§ **The task**:
Retype each record exactly; no pictures.

§ **Materials provided**:
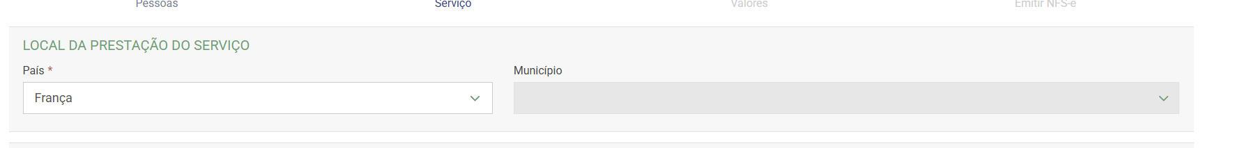 Passo 7: Na seção de "serviço", inicie preenchendo o campo local da Prestação do Serviço: selecione o país onde o serviço foi executado.
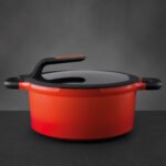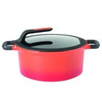 With a capacity of 7,3 litres, this aluminium stockpot is a great size to prepare a family meal. Whether you’re making soup, stew or stock, this brightly-coloured pot with convenient pouring rims, a multilayered non-stick coating and comfortable stay-cool handles is always up for the job. An added bonus is the glass lid that has an ergonomic handle as well as two different sized pouring areas for precise straining of various ingredients and can be positioned vertically on the pot so that you won’t get any condensation drops on your stovetop and always have a free hand to stir and serve.
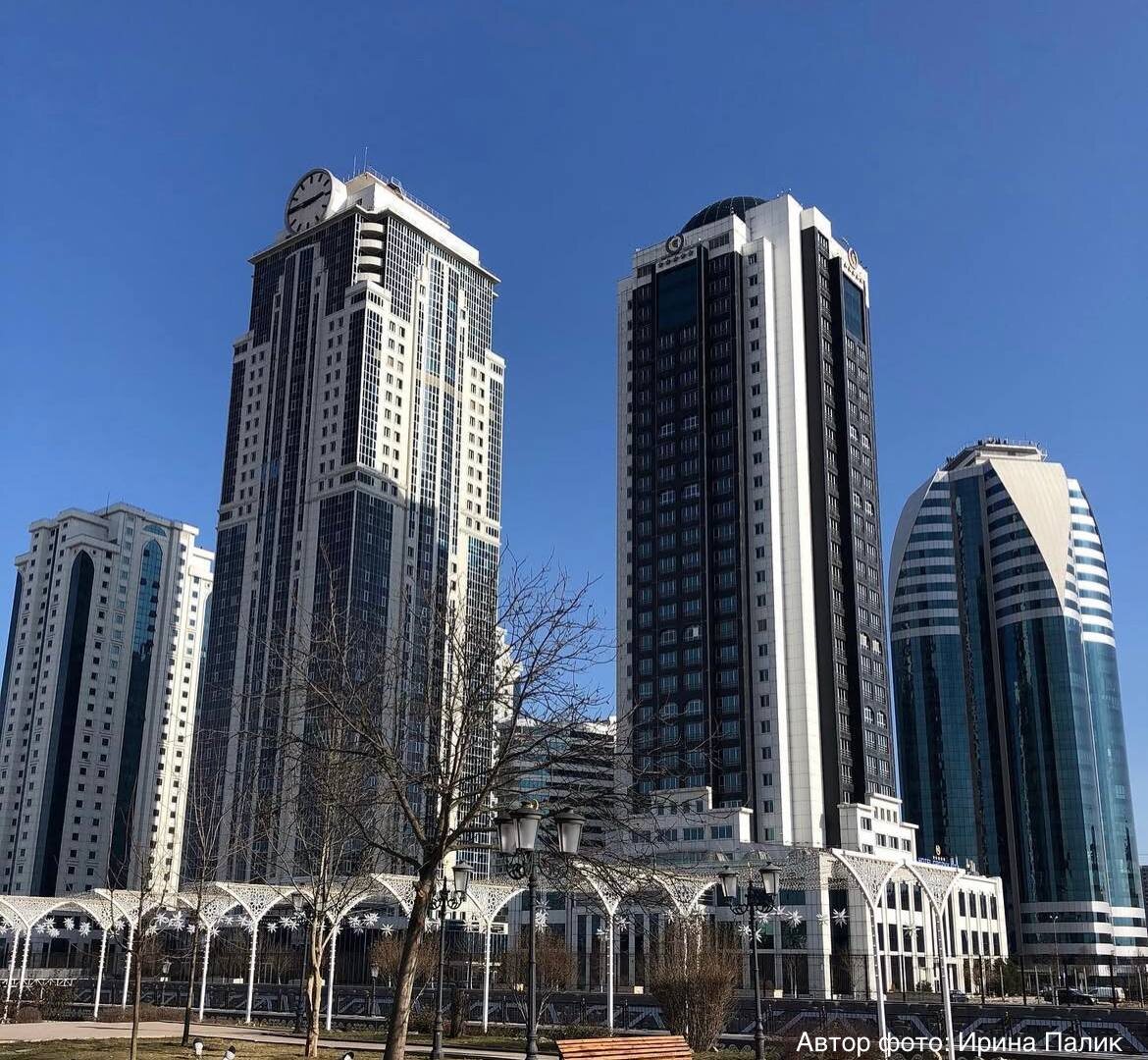 Грозный сити 🏙️ В самом сердце столицы Чеченской Республики, на проспекте имени Ахмата Кадырова, раскинулся впечатляющий архитектурный комплекс - Грозный-Сити. 🙌🏻Он возвышается на берегу реки Сунжа и стал настоящим символом нового Грозного. Комплекс строился с 2005 по 2011 год и включает 7 высотных зданий: 🔺одно 40-этажное 🔺одно 30-этажное 🔺три 28-этажных 🔺два 18-этажных Центральная и самая высокая башня комплекса - «Феникс», 40 этажей. На её нижних уровнях расположен современный торговый центр, а выше - элитные жилые апартаменты с панорамным видом на город и горы. #чечня #грозный #город
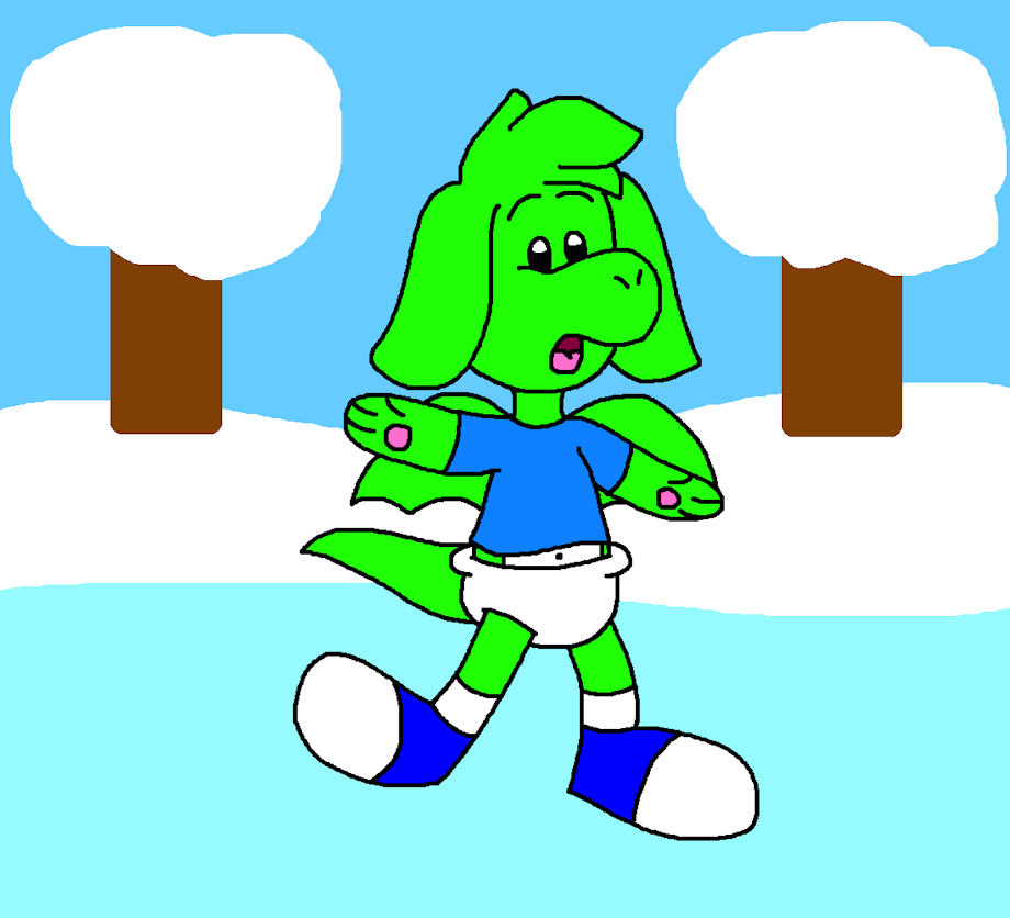 Alex the Fox, Helping Up a Patch the Dinodog on the Ice, and Patch Taking a Shoes Off and Putting a Ice Skates On For Him.
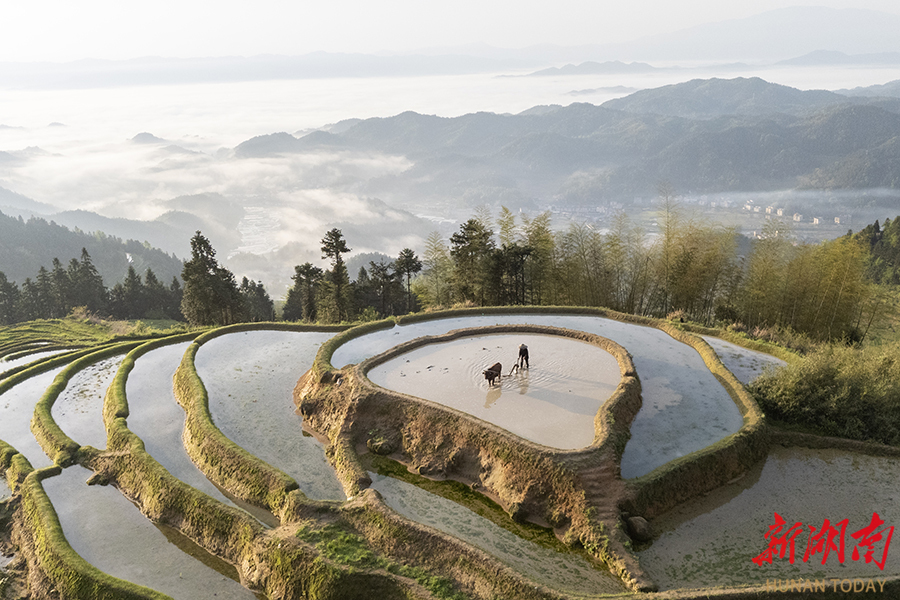 4月18日,新化县紫鹊界梯田,农民在赶牛犁田。眼下正值春耕生产关键时节,各地群众正抢抓农时,掀起春耕生产热潮,广袤田野一派繁忙景象,春日农耕画卷正徐徐展开。 吴永华 李全华 摄影报道(湖南图片库)
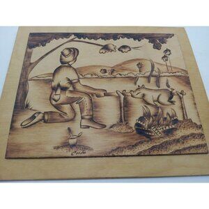 Capture the essence of rustic creativity with this one-of-a-kind Folk Art piece, featuring a charming pig roast scene meticulously crafted through the traditional technique of wood burning. The artistry behind this original work showcases a unique vision, with each detail etched into the wood, giving it a timeless appeal that complements any setting.
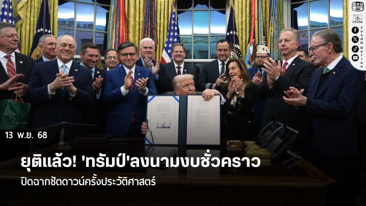 ยุติแล้ว! 'ทรัมป์'ลงนามงบชั่วคราว ปิดฉากชัตดาวน์ครั้งประวัติศาสตร์
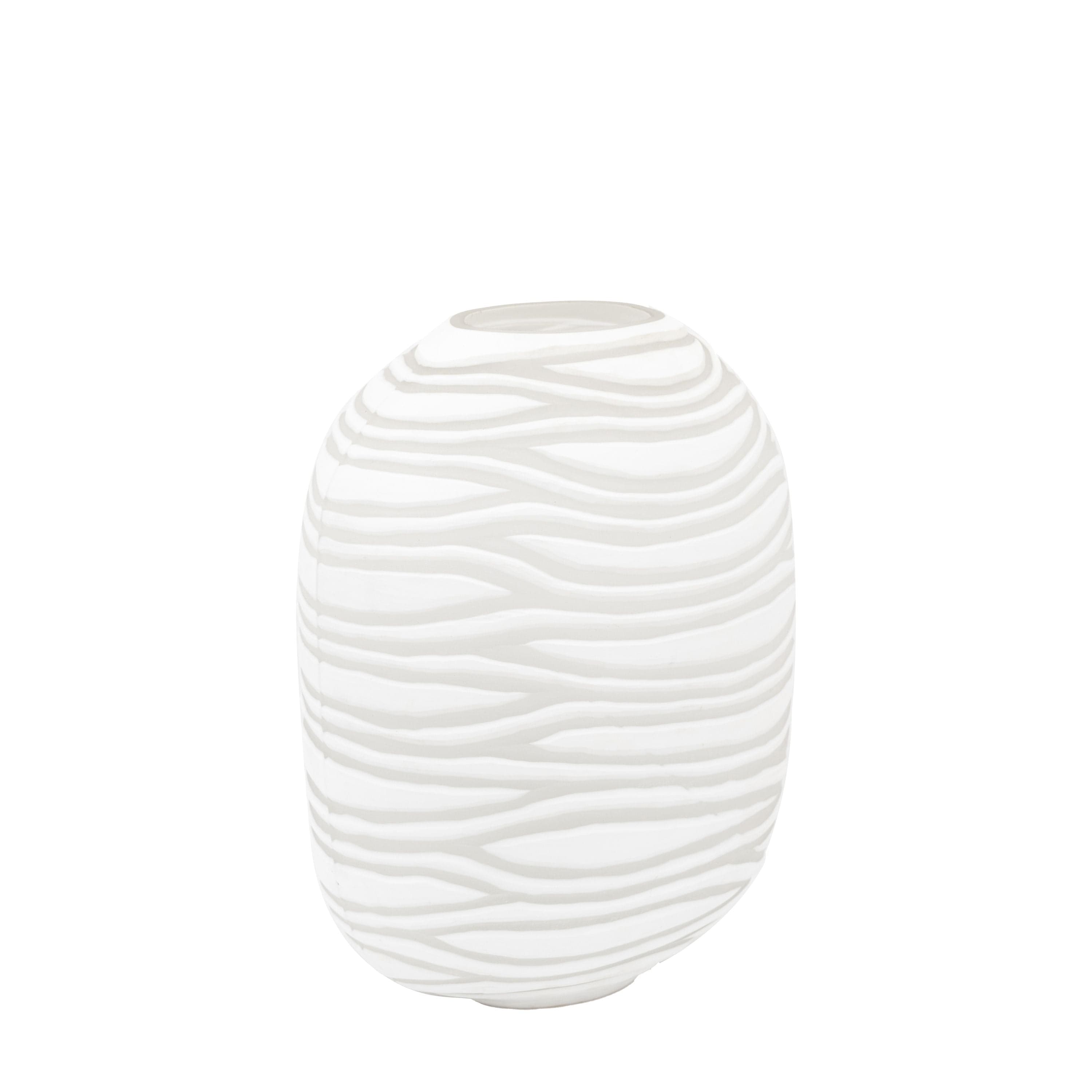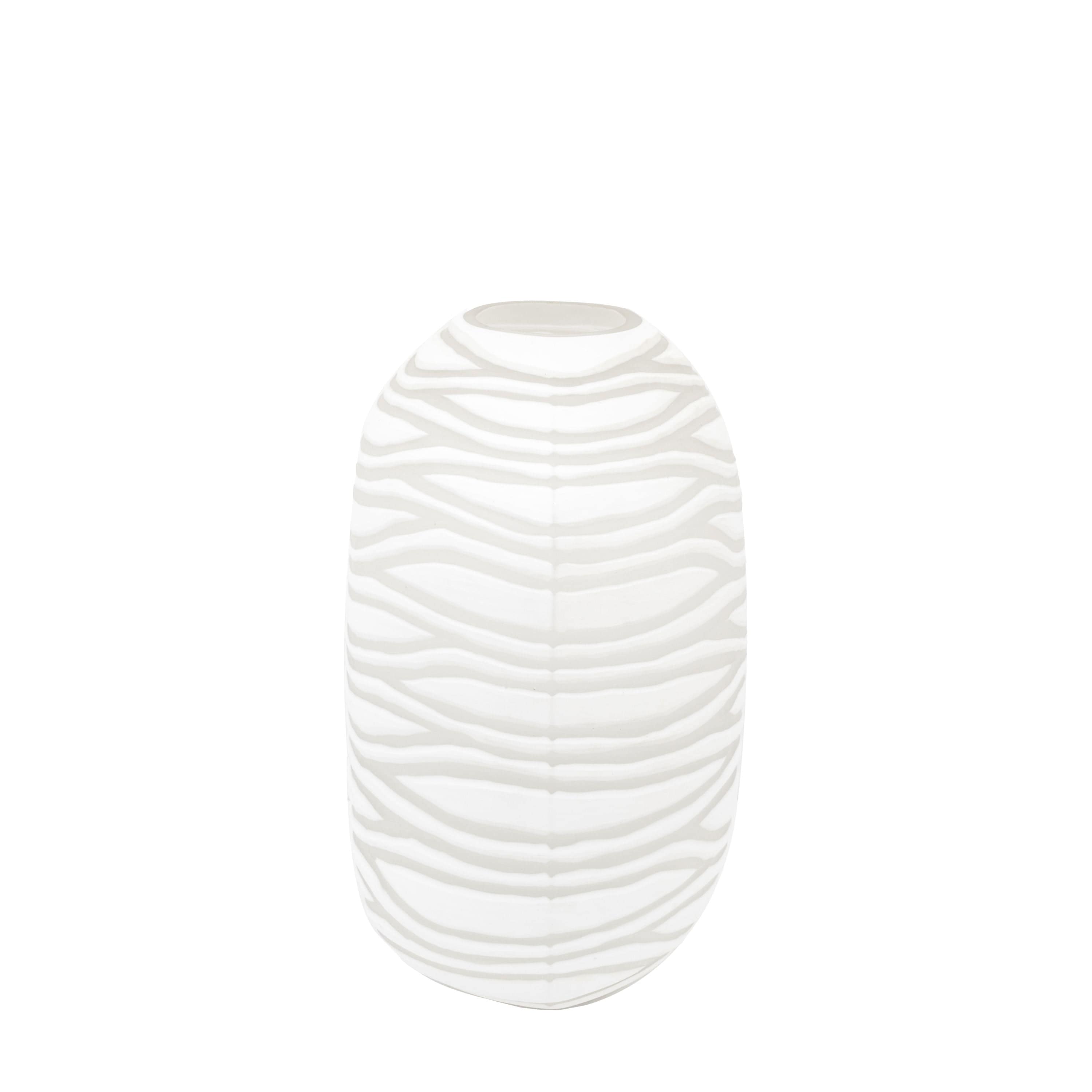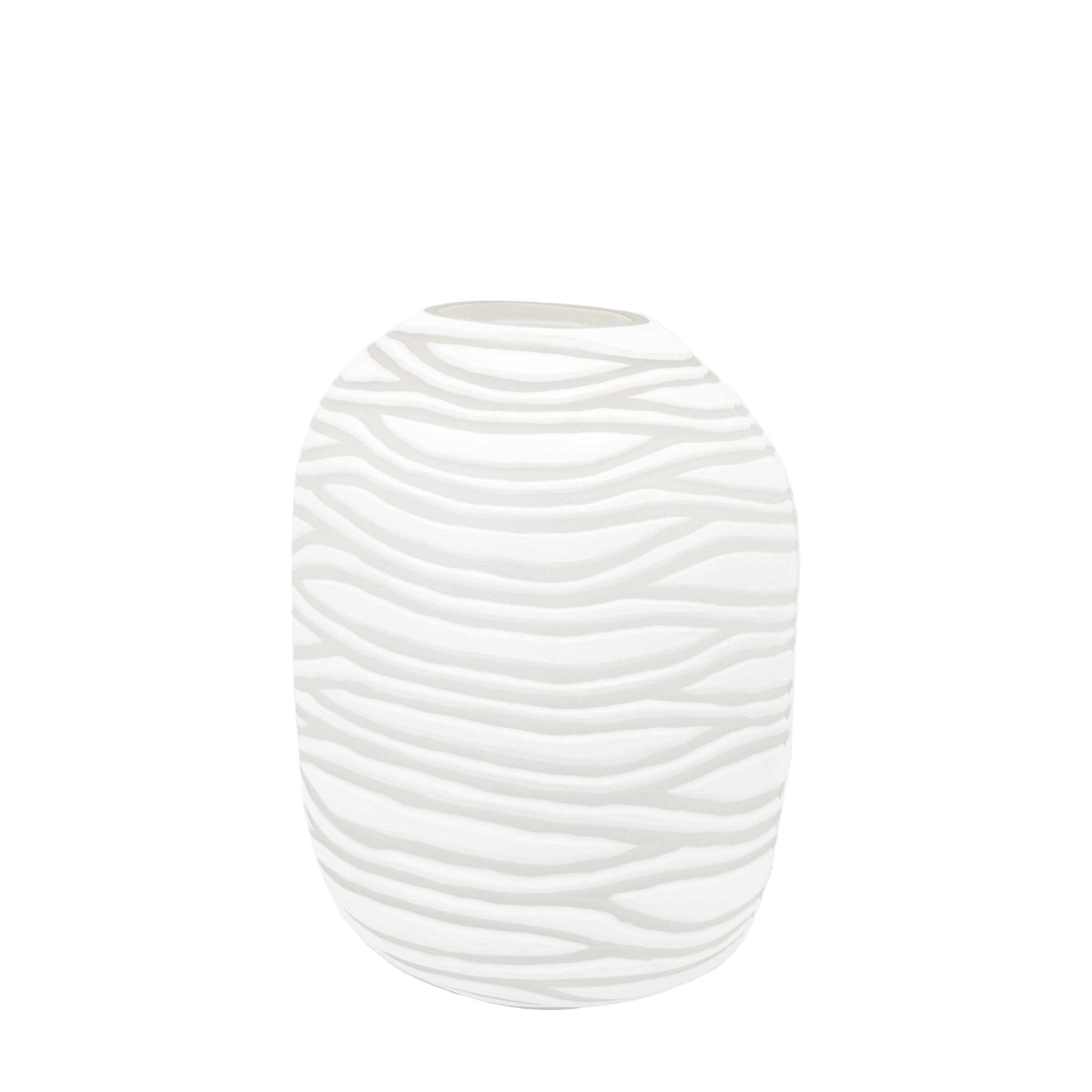 Anclo Handblown Carved Glass Vase White Large is a stunning addition to any home. This heavy white glass vase is hand blown with intricate detail, making it a unique and eye-catching piece. When placed against a window or other light source, the hand carved freeform stripes and organic shape come to life, adding a touch of elegance to any room.

§ **Task result**:
 Passo 7: Na seção de "serviço", inicie preenchendo o campo local da Prestação do Serviço: selecione o país onde o serviço foi executado.
 With a capacity of 7,3 litres, this aluminium stockpot is a great size to prepare a family meal. Whether you’re making soup, stew or stock, this brightly-coloured pot with convenient pouring rims, a multilayered non-stick coating and comfortable stay-cool handles is always up for the job. An added bonus is the glass lid that has an ergonomic handle as well as two different sized pouring areas for precise straining of various ingredients and can be positioned vertically on the pot so that you won’t get any condensation drops on your stovetop and always have a free hand to stir and serve.
 Грозный сити 🏙️ В самом сердце столицы Чеченской Республики, на проспекте имени Ахмата Кадырова, раскинулся впечатляющий архитектурный комплекс - Грозный-Сити. 🙌🏻Он возвышается на берегу реки Сунжа и стал настоящим символом нового Грозного. Комплекс строился с 2005 по 2011 год и включает 7 высотных зданий: 🔺одно 40-этажное 🔺одно 30-этажное 🔺три 28-этажных 🔺два 18-этажных Центральная и самая высокая башня комплекса - «Феникс», 40 этажей. На её нижних уровнях расположен современный торговый центр, а выше - элитные жилые апартаменты с панорамным видом на город и горы. #чечня #грозный #город
 Alex the Fox, Helping Up a Patch the Dinodog on the Ice, and Patch Taking a Shoes Off and Putting a Ice Skates On For Him.
 4月18日,新化县紫鹊界梯田,农民在赶牛犁田。眼下正值春耕生产关键时节,各地群众正抢抓农时,掀起春耕生产热潮,广袤田野一派繁忙景象,春日农耕画卷正徐徐展开。 吴永华 李全华 摄影报道(湖南图片库)
 Capture the essence of rustic creativity with this one-of-a-kind Folk Art piece, featuring a charming pig roast scene meticulously crafted through the traditional technique of wood burning. The artistry behind this original work showcases a unique vision, with each detail etched into the wood, giving it a timeless appeal that complements any setting.
 ยุติแล้ว! 'ทรัมป์'ลงนามงบชั่วคราว ปิดฉากชัตดาวน์ครั้งประวัติศาสตร์
 Anclo Handblown Carved Glass Vase White Large is a stunning addition to any home. This heavy white glass vase is hand blown with intricate detail, making it a unique and eye-catching piece. When placed against a window or other light source, the hand carved freeform stripes and organic shape come to life, adding a touch of elegance to any room.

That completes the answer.